# Color Temp. for plants & Wattage



## hsteve (Jul 9, 2005)

I've been doing a lot of research on lighting for planted tanks, but I keep hitting a brick wall when it comes to Color temp. I'm in the process of setting up my first planted tank, and am leaning towards a coralife lunar fixture. I know I'll have to replace the 10,000K & actinic bulbs w/ either 6700K or 5000K bulbs; any comments on your experience with either would help. 
I also was wondering about the wattage for my tank. I understand that more is better w/ plants, but will 3-4wpg be too much for my first tank? I'd like to establish this tank slower and not be overwhelmed by algae the first month the tank is set up...


----------



## MatPat (Mar 22, 2004)

Color temp of the lights is really a personal preferance in my opinion. Anything in the 5000K to 10,000K range will work for plants. I think substrate color aslo has a lot to do with how the light "looks" in your tank. 6700K lights in my Eco Complete tanks looks too green for my taste but the same lights in my SAPS/Flourite tank looks nice. I would stay with the 10,000K lamps that come with the fixture and maybe add some 6700-9325K lamps with them. Again, just a personal preference.

As far as wpg more is not always better. I would stick with 2wpg when starting out. This will grow most fast growing starter type plants just fine. They will grow slower, with lower light, but so will the algae  The slower growth that lower light provides will give you more wiggle room when starting out. Fertilizer and CO2 usage is less and the plants tend to show deficiencies at a much lesser rate.

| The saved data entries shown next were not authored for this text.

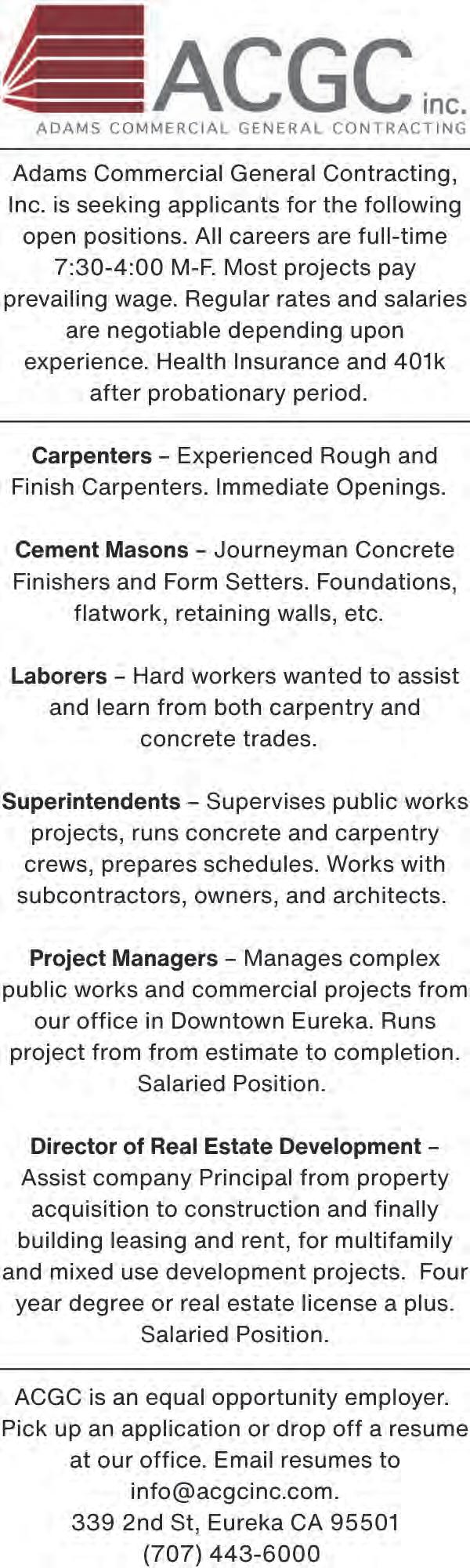95501 PO Box 1346, Eureka CA 95502 707 442-1400 northcoastjournal.com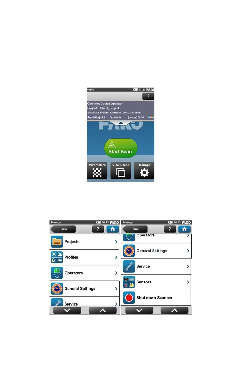 Manage button - Manage scan profiles, projects, operators and the scanner.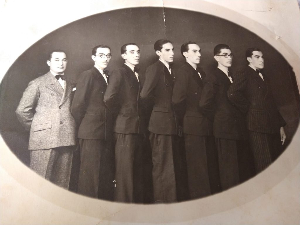 Clã Bortolan dos anos 50, sete irmãos com união de uma grande família. Da esquerda para a direita, Antônio, Vitorio, Emilio, Silvio, Atílio, João e Hélio. É nobre recordar.

You can always increase the light (and CO2 and fertilizers) later should you decide on a higher light tank.


----------



## Dino Copella (Jul 11, 2005)

Stick with the 10000K's for a crisper, whiter hue that plants will appreciate. I'd gravitate towards something between 6700 and 10000, find a combination that suits your aesthetic disposition.

If you're getting a Coralife Lunar fixture, why not plunk down the same amount of money and purchase their Aqualight Freshwater fixture? Same body, different bulbs that are more suited towards plant growing ranges.


----------



## hsteve (Jul 9, 2005)

I thought about that, but I'd like the lunar lights that aren't supplied with the freshwater model.


----------



## Left C (Jun 14, 2005)

Coralife just came out with a new 50/50 CF bulb. It's a Colormax/6700K for planted/freshwater tanks in 65w straight pin and square pin and a 96w in square pin. You can see them at www.esuweb.com and www.bigalsonline.com has them for sale.
I like the black frame of the Lunar Aqualights vs. the gold frames of the freshwater and saltwater Aqualight.


----------